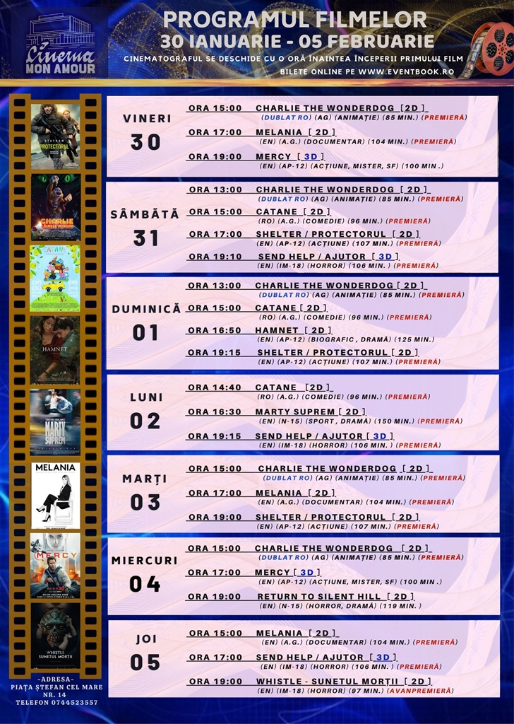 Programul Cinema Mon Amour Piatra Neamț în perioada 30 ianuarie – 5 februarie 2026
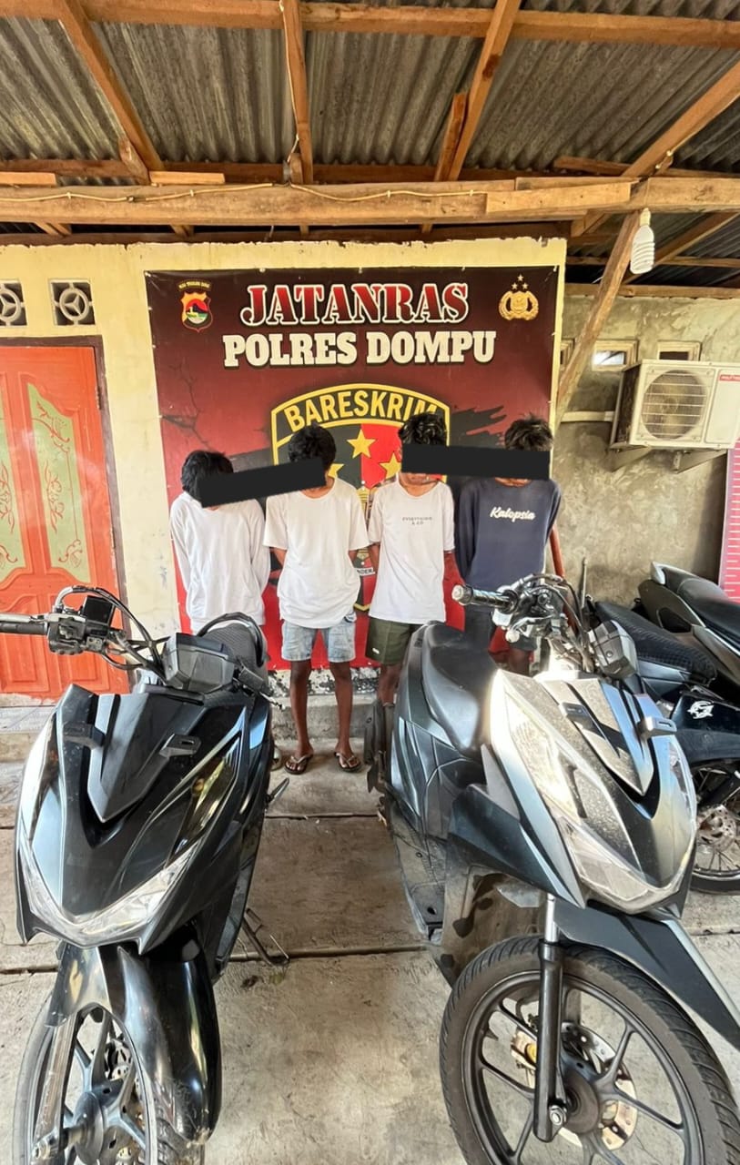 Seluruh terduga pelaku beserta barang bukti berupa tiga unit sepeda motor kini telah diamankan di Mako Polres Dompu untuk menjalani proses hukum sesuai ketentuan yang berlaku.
* * *
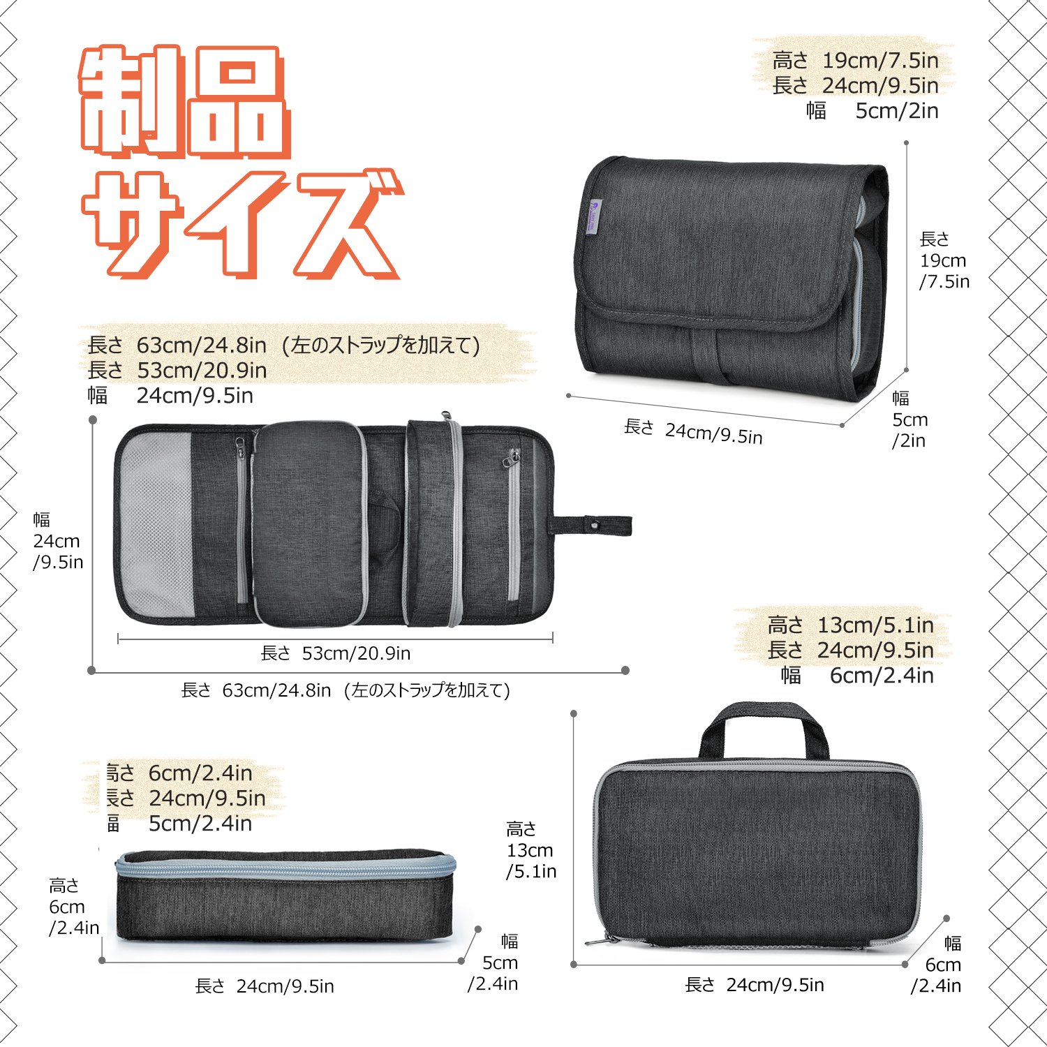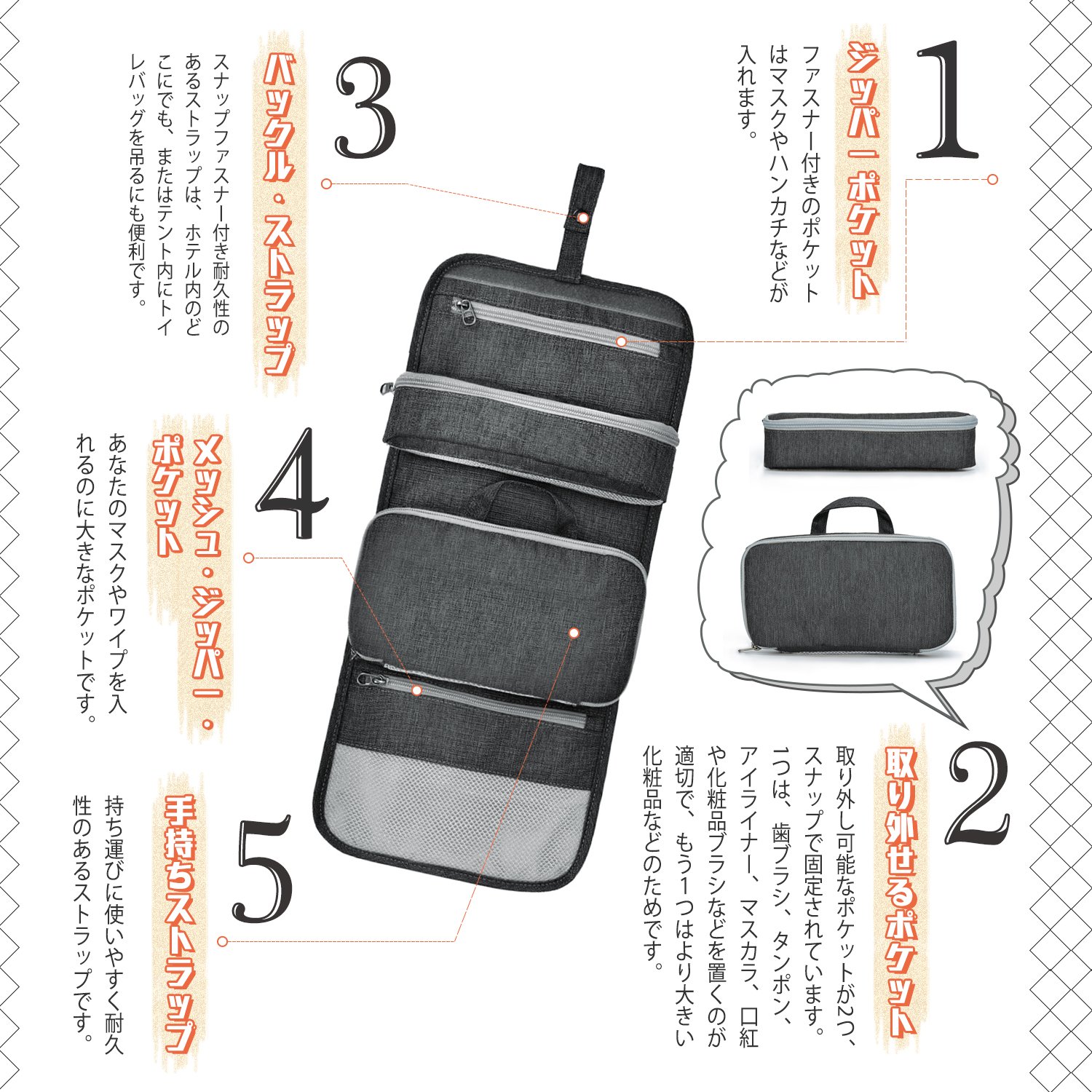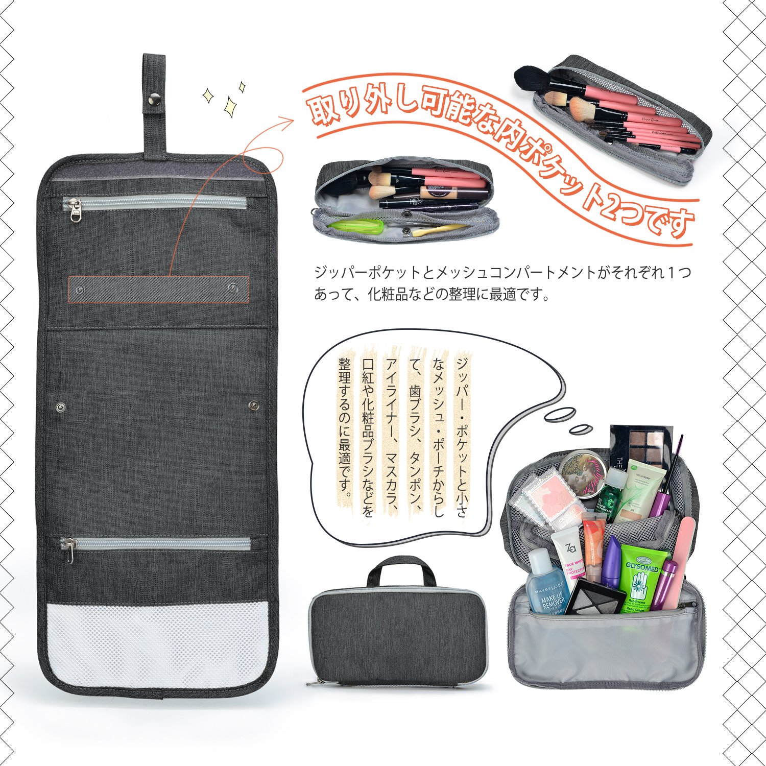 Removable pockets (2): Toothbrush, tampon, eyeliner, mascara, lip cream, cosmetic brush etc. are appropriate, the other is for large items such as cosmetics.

WORK INSTRUCTIONS
Only one stretch of the material above is wanted: the line containing "Programul Cinema Mon" through the line containing "Seluruh terduga pelaku". Restate it word for word, minus the pictures.

RESULT OF THE EXERCISE
 Programul Cinema Mon Amour Piatra Neamț în perioada 30 ianuarie – 5 februarie 2026
 Seluruh terduga pelaku beserta barang bukti berupa tiga unit sepeda motor kini telah diamankan di Mako Polres Dompu untuk menjalani proses hukum sesuai ketentuan yang berlaku.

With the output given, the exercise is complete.